The sugar solution treated in the following examples is a mixed solution mainly containing rhamnose and glucose, and also contains a small amount of inorganic salt impurities and other residual plant extracts, wherein the rhamnose content in the sugar solution is 43% by mass, and the glucose content in the sugar solution is 36% by mass. In the method, the sugar solution is diluted by sterilized water to form a reaction sugar solution, and the sum of the mass percentages of glucose and rhamnose in the reaction sugar solution is controlled within 35 percent. The method for sterilizing purified water comprises heating water to 100 deg.C and maintaining the temperature for 30 min.

The purity of rhamnose separated from the sugar solution was analyzed by high performance liquid chromatography under the following chromatographic conditions. A chromatographic column: kromil amino column 4.6 μm × 250 mm; mobile phase: acetonitrile water 70:30 (filtered and ultrasonically degassed before use); flow rate: 1 mL/min; refractive index detector temperature: 30 ℃; sample introduction amount: 10 μ L.

Example 1

The embodiment provides a process method for purifying rhamnose from a glucose-containing sugar solution, which comprises the following steps:

(1) 446g of purified water is weighed, heated to 100 ℃ and kept for 30 min. 358g of sugar solution is weighed, when purified water is naturally cooled to 52 ℃, the sugar solution is dissolved in the purified water and uniformly stirred, so that the sugar solution is completely dissolved to form a reaction sugar solution, the mass percentage of glucose in the reaction sugar solution is 16%, and the sum of the mass percentages of glucose and rhamnose is 35%.

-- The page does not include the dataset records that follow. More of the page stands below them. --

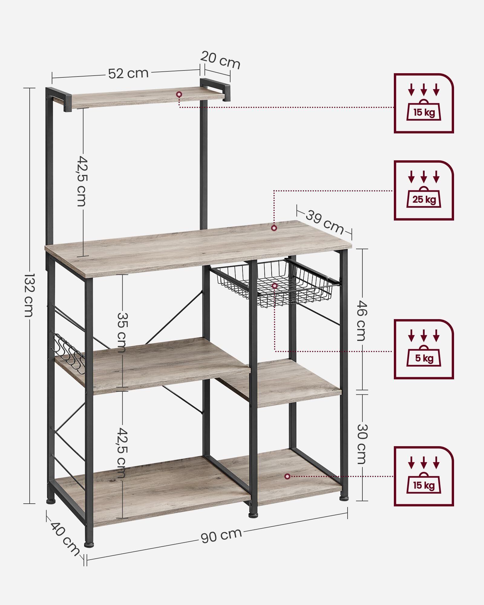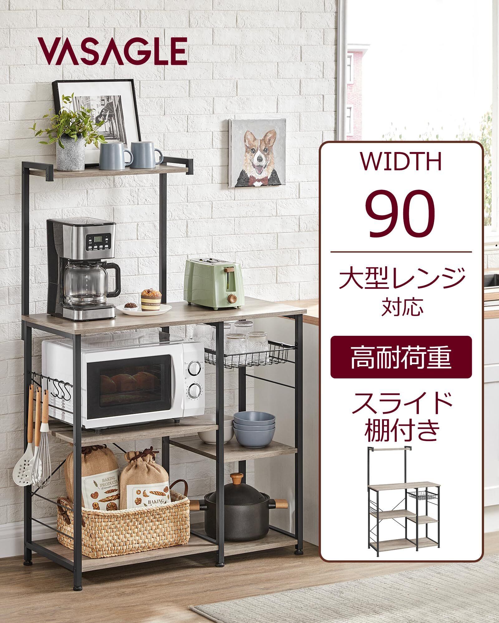 VASAGLEレンジ台 キッチンラック幅90 レンジラックレンジボード 大型レンジ対応 キッチンワゴン 食器棚 キッチン収納 6個S字ラックを付き 高さ132cm アイボリー KKS035B02
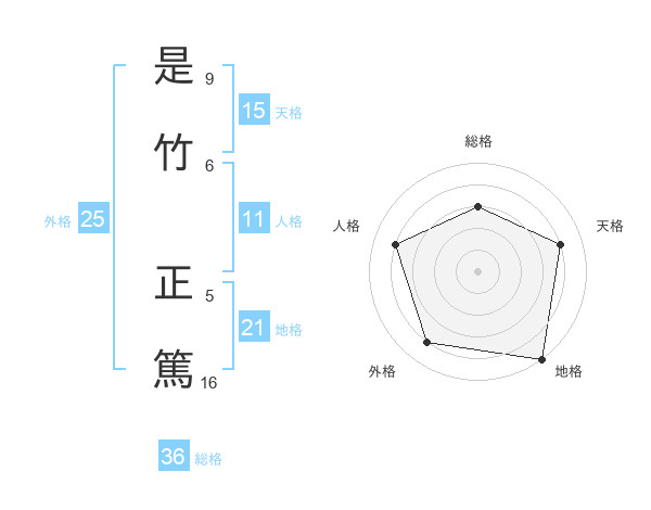 是竹 正篤さんを姓名の画数から五運を鑑定
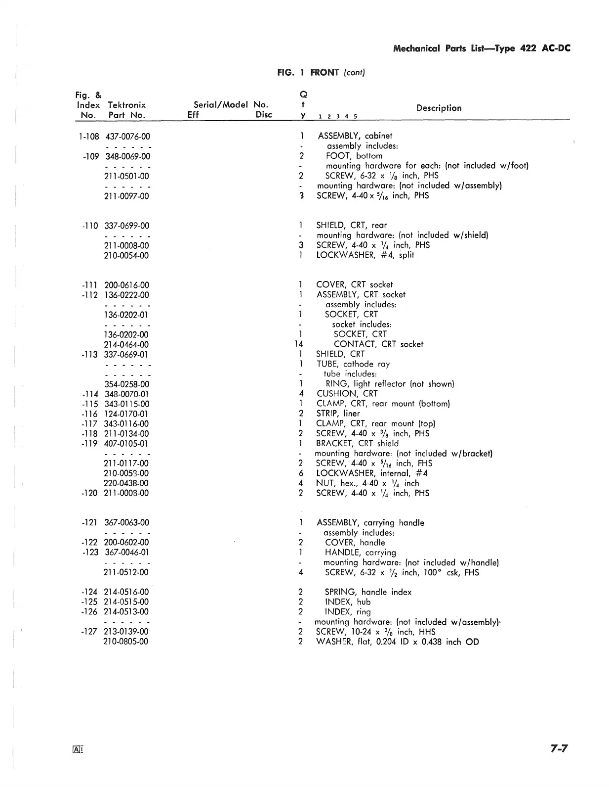 Mechanical Parts List— Type 422 AC-DC

(2) Adjusting pH of the reaction sugar solution to 5.5 with calcium hydroxide, placing the reaction sugar solution in a 52 deg.C water bath, and oxygenating with oxygen at 1L/min.

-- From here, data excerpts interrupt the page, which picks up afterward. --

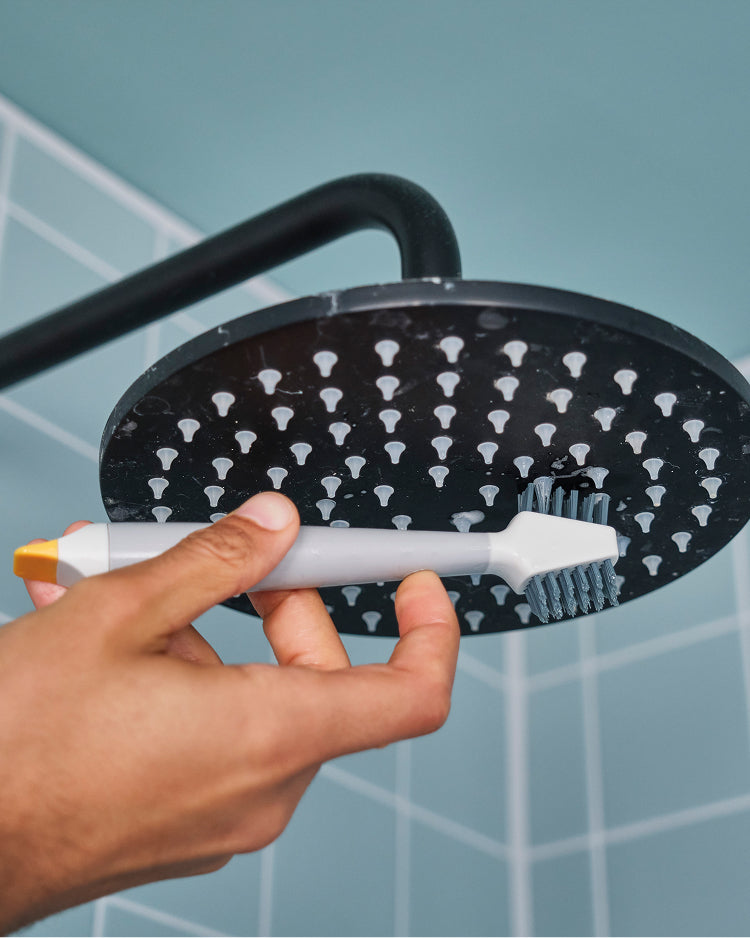 Bei Hartholzböden sind Mikrofaserpads nützlich, da sie nicht viel Wasser aufnehmen, sodass das Holz nach dem Wischen leichter trocknen kann. Wenn Ihre Böden aus Stein oder Schiefer bestehen oder aus Fliesen mit viel Struktur, sollten Sie neben Ihrem Mikrofasermopp auch eine wasserfeste Bürste mit harten Borsten wie unser 2-in-1-Fliesenreiniger in Ihre Reinigungsroutine aufnehmen, damit Sie Flecken oder Schmutz entfernen können.
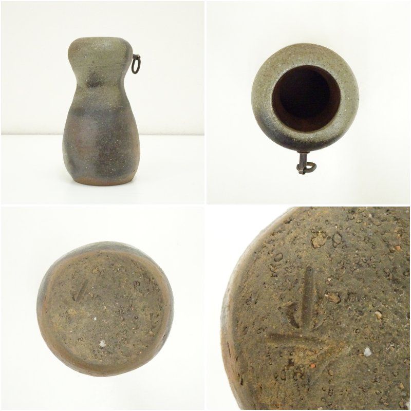 備前焼 山本出造 掛花入 共箱 花入れ 茶道 茶道具 花瓶 花器 おしゃれ フラワーベース 道具 茶室 華道 華道具 インテリア hnir
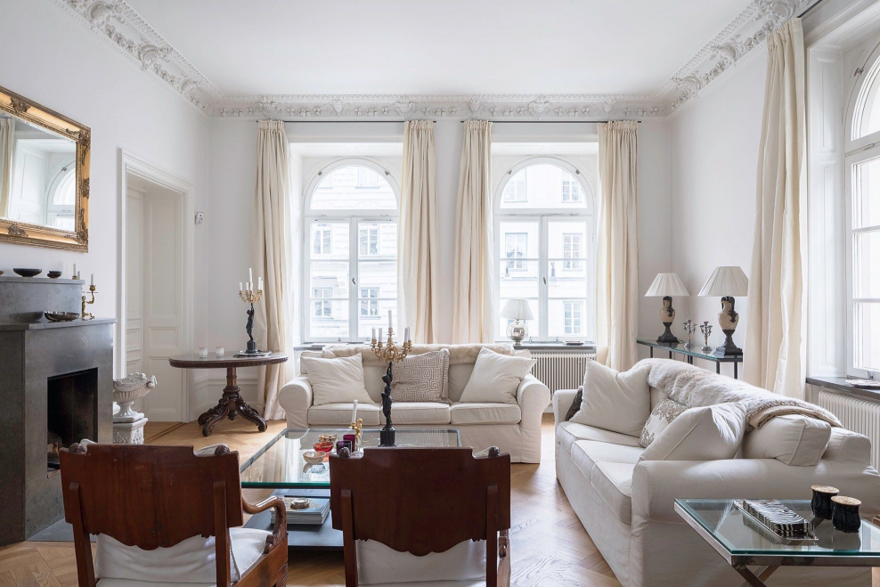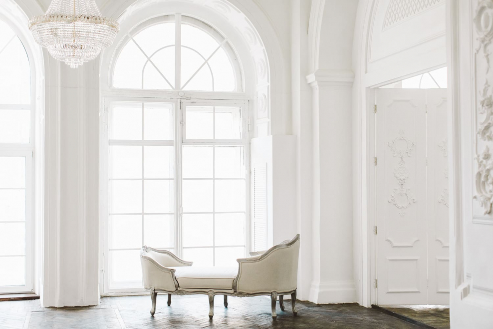 Белый интерьер с лепниной
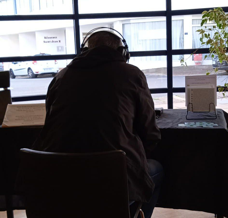 Le 30 novembre 2022. Mercredi. 15h de l’après-midi. Médiathèque d’Hendaye. Lieu tranquile et chaleureux. Il ne pleut pas dehors. Peu de monde mais ceux qui passent sont contents de participer.
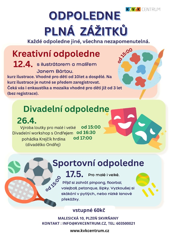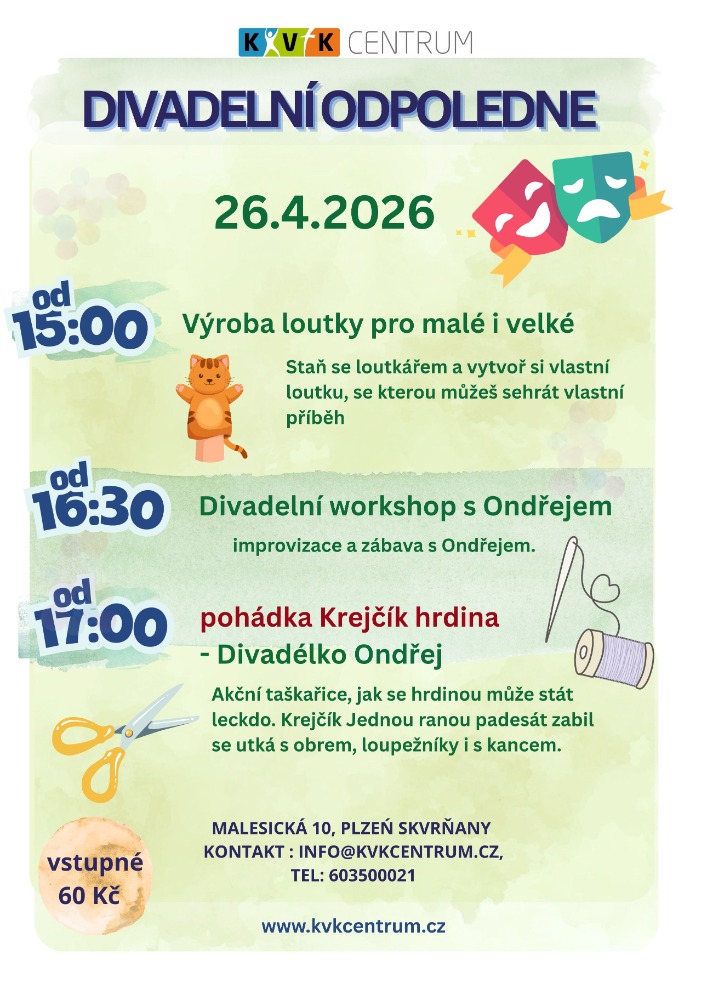 Zábavné nedělní odpoledne pro děti. Přijďte si s dětmi zasoutěžit na zahradu KVK centra. Po splnění všech úkolů na děti čekají odměny a divadelní představení. Účast není nutné hlásit předem.
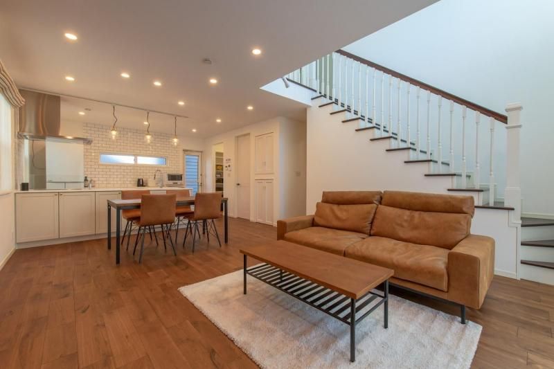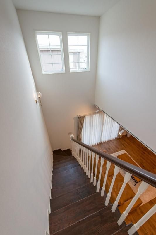 またリビングと2階を繋げる、L.J.スミスの輸入階段は、

(3) Respectively adding 20mL of glucose oxidase (1.00g/mL, 20 ℃) and 20mL of catalase (1.06g/mL, 20 ℃) into the reaction sugar liquid to obtain reaction liquid, reacting the reaction liquid for 45 hours at 52 ℃ in an oxygenated state (oxygen introduction amount is 1L/min), and measuring the content of glucose in the reaction liquid to obtain the content of glucose in the reaction liquid, wherein the content of glucose in the reaction liquid is 0; the pH of the reaction solution was adjusted with calcium hydroxide during the reaction to maintain the pH at 5.5, and the mass of the reaction solution was made the initial mass (about 845g) by supplementing sterilized purified water.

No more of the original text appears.